A key re-usable asset is spectrum that has been already acquired in auctions but is still generally undeployed in suburban and rural areas. The geographical fit for FWA is excellent, since FWA targeted areas are often suburban and rural, where unused spectrum is most prevalent. Utilizing undeployed bands and adding radios for them is a natural next step to cater for FWA, if utilizing previously deployed bands is not sufficient to meet FWA ambitions.
Depending on the radio network starting point and the operator’s ambitions for FWA, there are choices available to make the network capable of handling a combination of voice, mobile broadband and FWA in combination.
These choices can be summarized as utilize the existing radio network assets, add radio network capabilities, and densify the radio network grid. A well-planned mix of these choices should be deployed to meet the particular needs of each local situation. For further information we refer to the Ericsson Fixed Wireless Handbook.
iii. Focus on connecting community-based institutions
Leveraging existing assets can be a cost-effective roadmap to enable institutional coverage facilitated FWA. By institutional coverage, we refer to facilities like schools, libraries, community centers etc. which serve their local communities. Taking schools as an example, we see that the boundary of a school goes beyond its physical boundaries and extends into surrounding buildings. Therefore, with all the above reasons, the growing FWA ecosystem can benefit rural areas
Passive infrastructures such as sites, towers, electricity, etc. which is largest component of network deployment cost, is already available at institutional common places. This supports upgrading to 4G/5G and extending coverage with less demanding deployment. By leveraging the existing network assets and infrastructure not only can schools be connected but improved connectivity can be shared with the surrounding homes and communities. For example, network capacity that is used during the school day can be re-purposed during the evenings for home use when schools are closed.
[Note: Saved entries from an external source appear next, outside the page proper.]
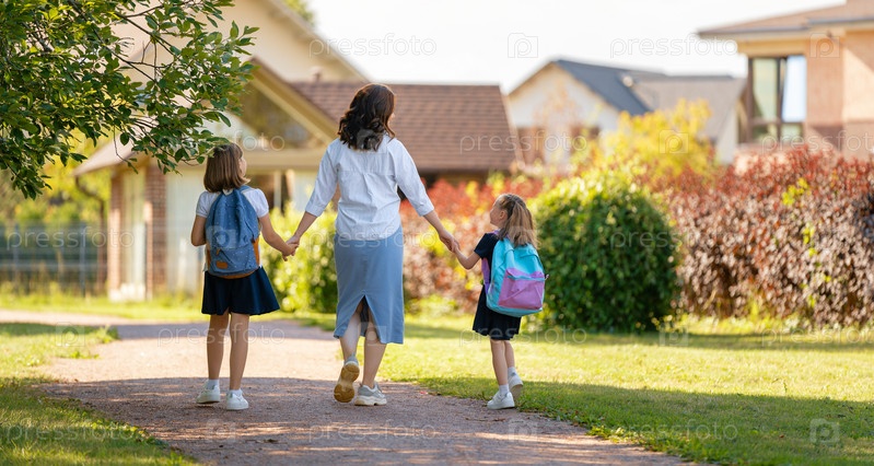 Родители и ученики идут в школу
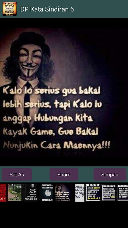 Dengan Aplikasi ini, kamu bisa membagikan banyak gambar dp ke temanmu. Tunggu apa lagi, download sekarang juga. Pasti kamu akan merasa senang.DP word sentence contains images satire Satire smooth or rough to a friend, girlfriend or others. With this application, you can easily get pictures themed satire. You can make the image to update the status of fuel, fb, etc. By using images satire, certainly people who feel quipped will see it and moved his heart. There are many collections, so you can freely express your feelings.
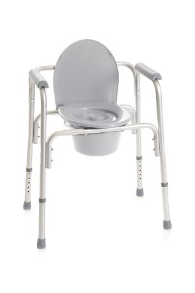 Struttura in tubo di alluminio anodizzato con confortevole seduta in polietilene, secchio e braccioli in plastica e puntali in gomma antiscivolo.Comprende quattro funzioni in una: rialzo per water, supporto per water, sedia comoda e sedile per doccia.
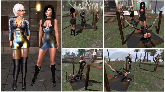 After some shopping, which is always fun, last night I got even closer to the goal having all 6 living latex dolls on one picture. slave cecy and sklavin Gebby were online and thus I got the picture of living latex doll number 5. I tied both up at Sarah’s patio and after taking the pictures I had fun teasing the slaves. So after all, it was a relaxing quiet night.
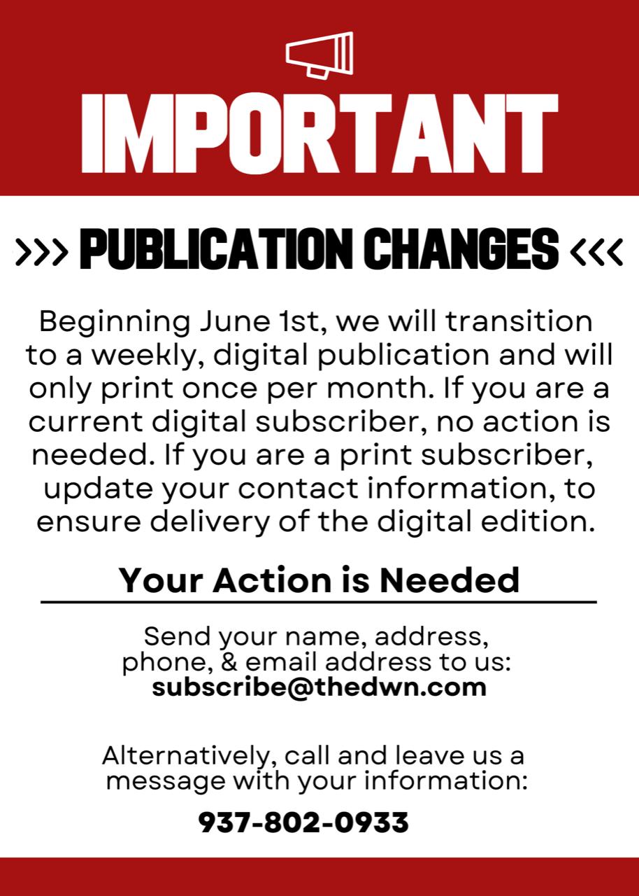 Dayton Weekly neWs - June 2 - 9, 2023 page - 8 Subscription Order BlankClearly PRINT All Information Name: Company: Address: Apt #: City: State Zip: Telephone Day: ( ) Evening: Make check or money order payable to: Dayton Weekly News- Credit Cards Accepted or Subscribe or pay online at DaytonWeeklyonline.com Subscription: $50.00 per year Business Personal Gift Attn: Circulation Dept. 1501 N. Main St. Dayton, Ohio 45405 Sales Rep. Code
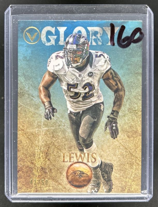 The Ray Lewis 2012 Topps Valor #1 Glory /50 card is 1 of 3 Ray Lewis' card variations in the 2012 Topps Valor set being tracked by Sports Card Investor, including Base /170, and Valor /1.
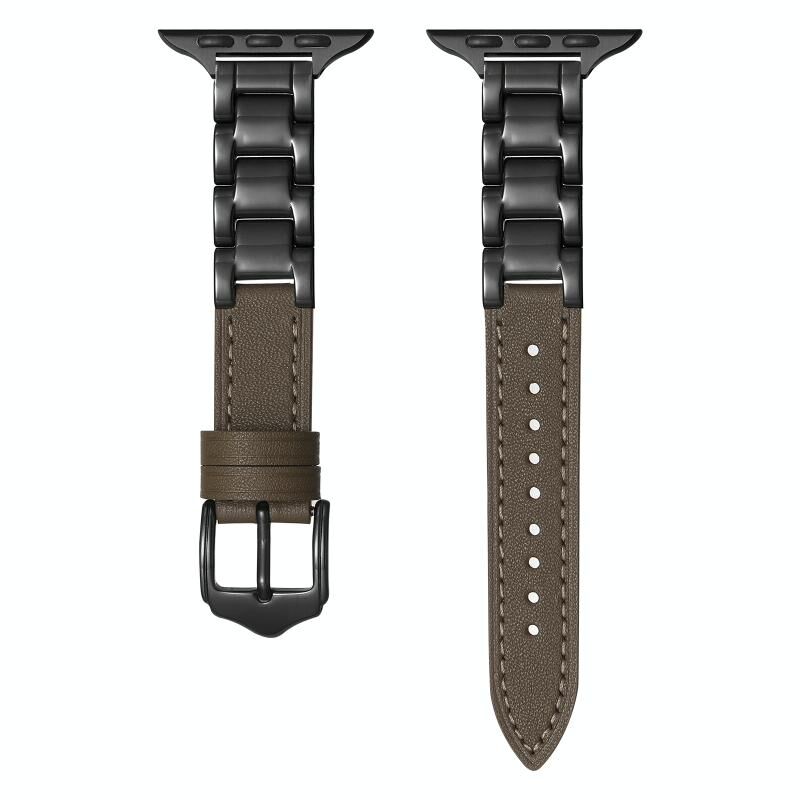 Για Apple Watch Series 6 44mm Κεραμικό Δέσιμο Χρώματος Δερμάτινο Λουρί Αντίθεσης (Μπεζ+Μαύρο+Μαύρη Αγκράφα)
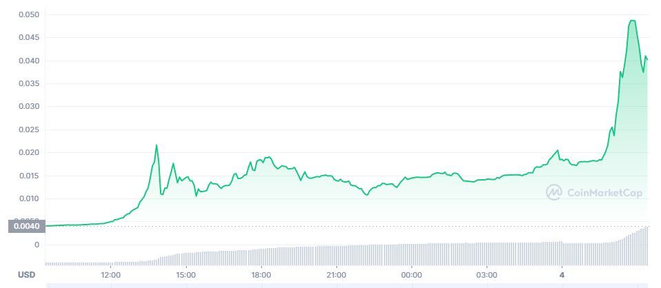 По состоянию на момент написания новости, токен торгуется по $0.04767, что эквивалентно росту курса криптовалюты за сутки на 1077.73% (по данным ресурса CoinMarketCap). Монета продемонстрировала позитивную динамику на фоне запуска расследования инцидента со стороны команды популярной криптобиржи Binance.
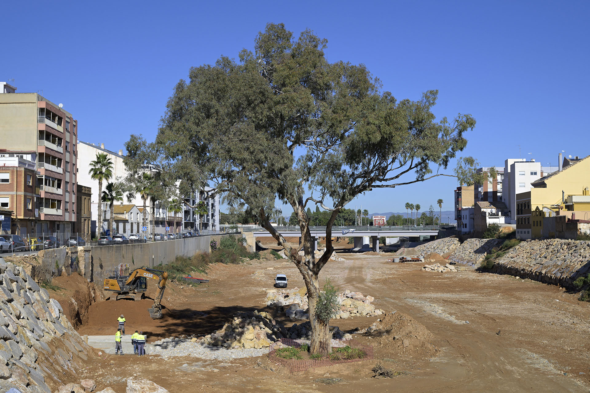 Situado en el cauce del Barranco del Poyo, este Eucalyptus camaldulensis centenario forma parte del Catálogo de Árboles Monumentales y Singulares de la Comunitat Valenciana. A lo largo de su vida ha resistido diversos episodios de inundación, incluida la riada que afectó a Paiporta en octubre de 2024. Sus raíces profundas, que pueden alcanzar hasta 35 metros, han contribuido tanto a su estabilidad como a la del terreno que lo rodea.
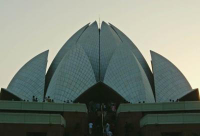 সন্ধ্যাবেলা ফ্লাডলাইটের আলোতে লোটাস মন্দিরের সৌন্দর্য অনেক বৃদ্ধি পায়।
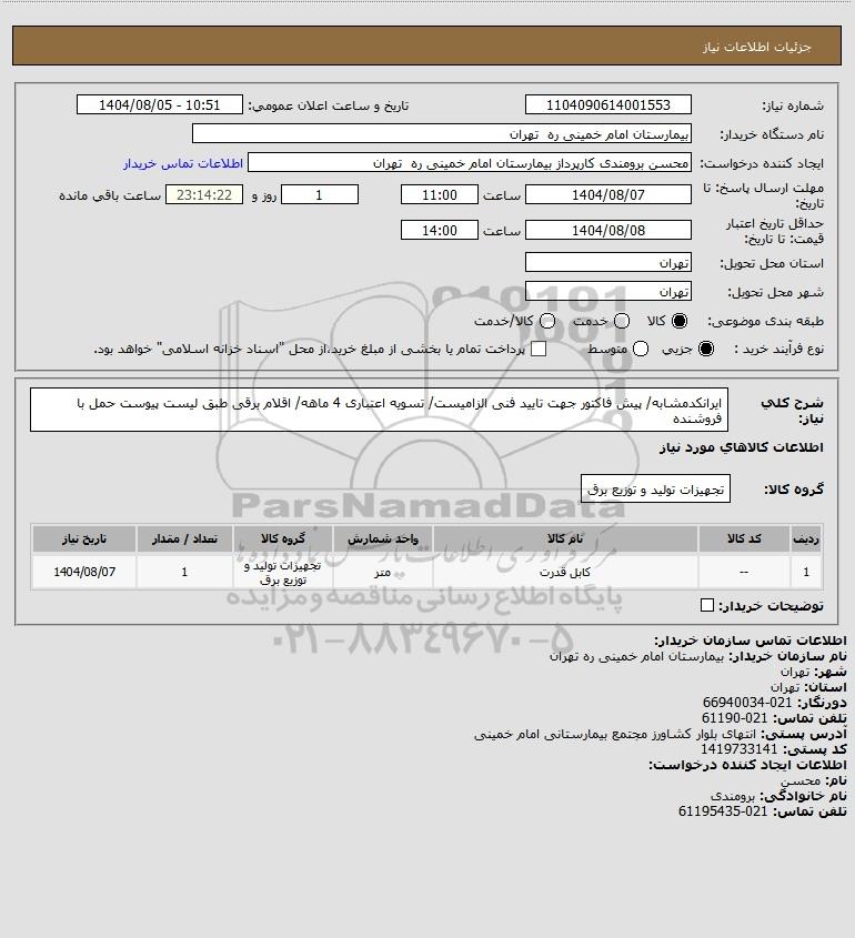 شرح کلی نیاز: ایرانکدمشابه/ پیش فاکتور جهت تایید فنی الزامیست/ تسویه اعتباری 4 ماهه/ اقلام برقی طبق لیست پیوست

iv. Case Study Example: Australian National Broadband Network (NBN) rolling out fixed wireless services in remote and regional areas with Ericsson
Together with Australian NBN, we launched bitstream ethernet services in 2015 covering more than 580 000 premises in regional and remote areas where fixed line technologies are economically challenging. Previously, poor internet coverage has impacted Australian remote communities. Some refer to it as “data drought” which limited their access to information and opportunities to learning, developing and managing their businesses.
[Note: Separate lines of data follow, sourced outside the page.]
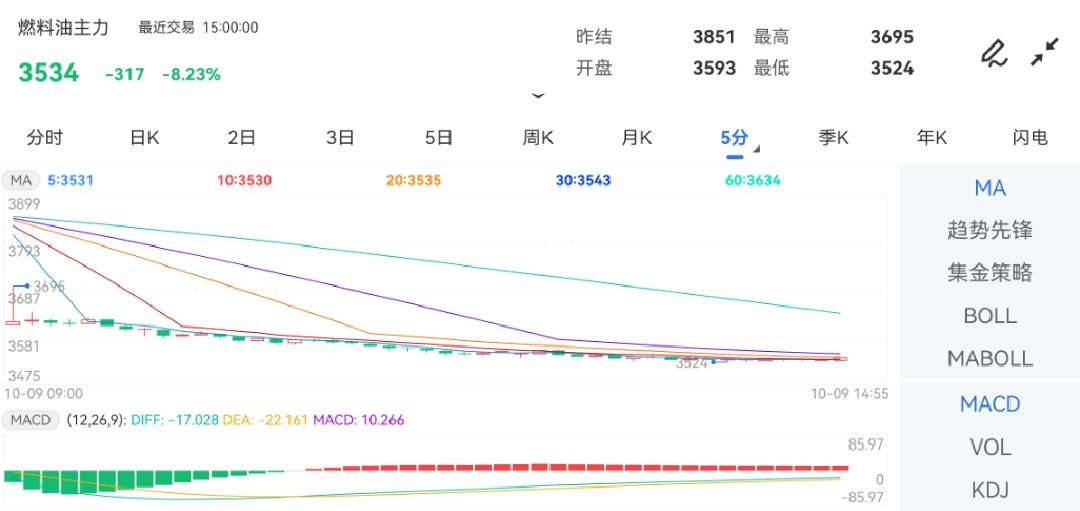 10月9日,邦内期市原油系全线飘绿,燃料油、原油主力跌逾7%。全部来看,截止目前,燃料油主力下跌7.71%,报3554元/吨;原油主力下跌7.77%,报657.8元/桶;液化石油气主力下跌3.04%,报5413元/吨;沥青主力下跌4.63%,报3770元/吨;低硫燃料油主力下跌6.45%,报4527元/吨。
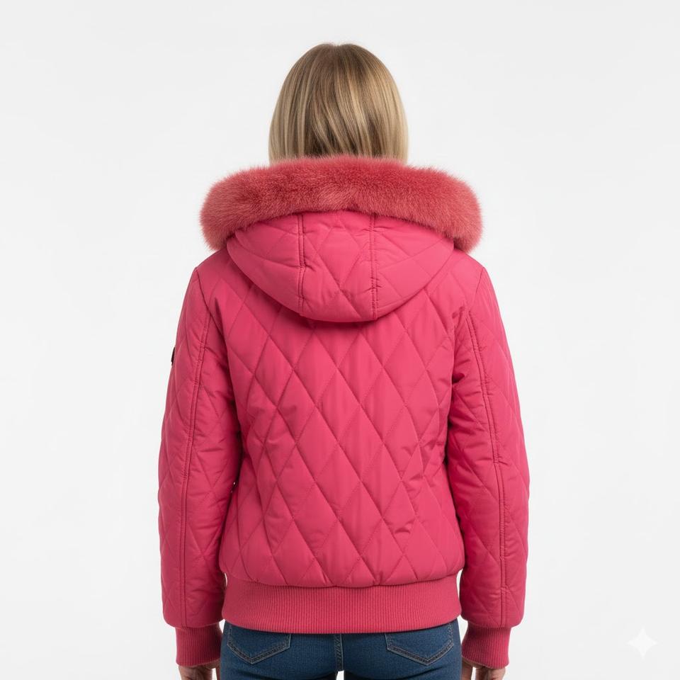 เสื้อแจ็คเก็ตพาร์กาขนเฟอร์เทียมสีชมพูแฟชั่นใหม่สำหรับผู้หญิง พร้อมฮู้ดและระบบทำความร้อน
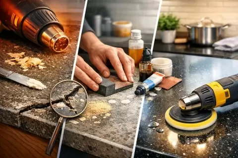 Несмотря на видимые повреждения, нет необходимости в ремонте всей кухни. Правильно подобранные материалы и немного ухаживающих усилий — и ваша кухонная поверхность вновь станет как новенькая.
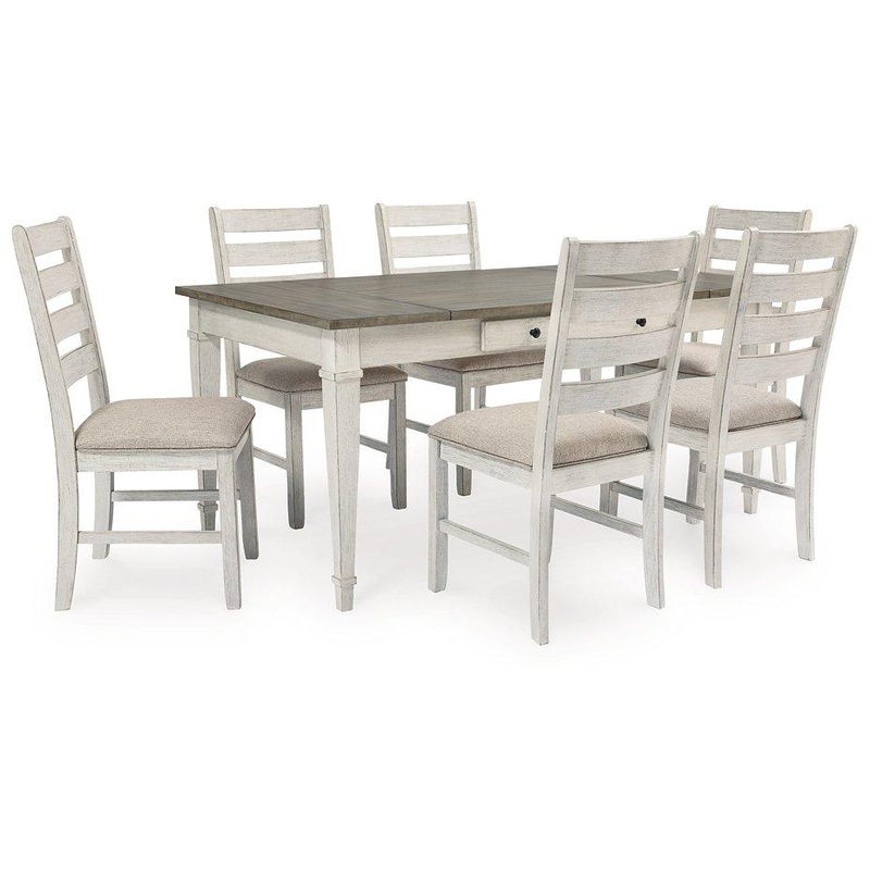 Set the scene for coastal chic or modern farmhouse living with this 7-piece dining room set. The clean-lined, simply striking table doubles the charm with its warm brown plank-effect top and grayish white base. Two convenient side drawers and a lift-top bin offer abundant storage options. Six upholstered, ladderback chairs sport a grayish white finish with rubbed through effect for a timeworn appeal.

The solution is to optimize LTE for fixed wireless delivering broadband directly to businesses and homes as part of NBN’s Multi-technology Mix (MTM) strategy.
In this case, affordable and high-performance broadband services to less densely populated areas have closed the digital division between rural and urban. Communities benefit from better speeds, higher data allowances and better values and can enjoy connectivity and access to opportunities across education, business and entertainment.
As a result, Australian NBN and Ericsson’s fixed wireless footprint covers more than 270,000 homes and 47,000 community-based premises.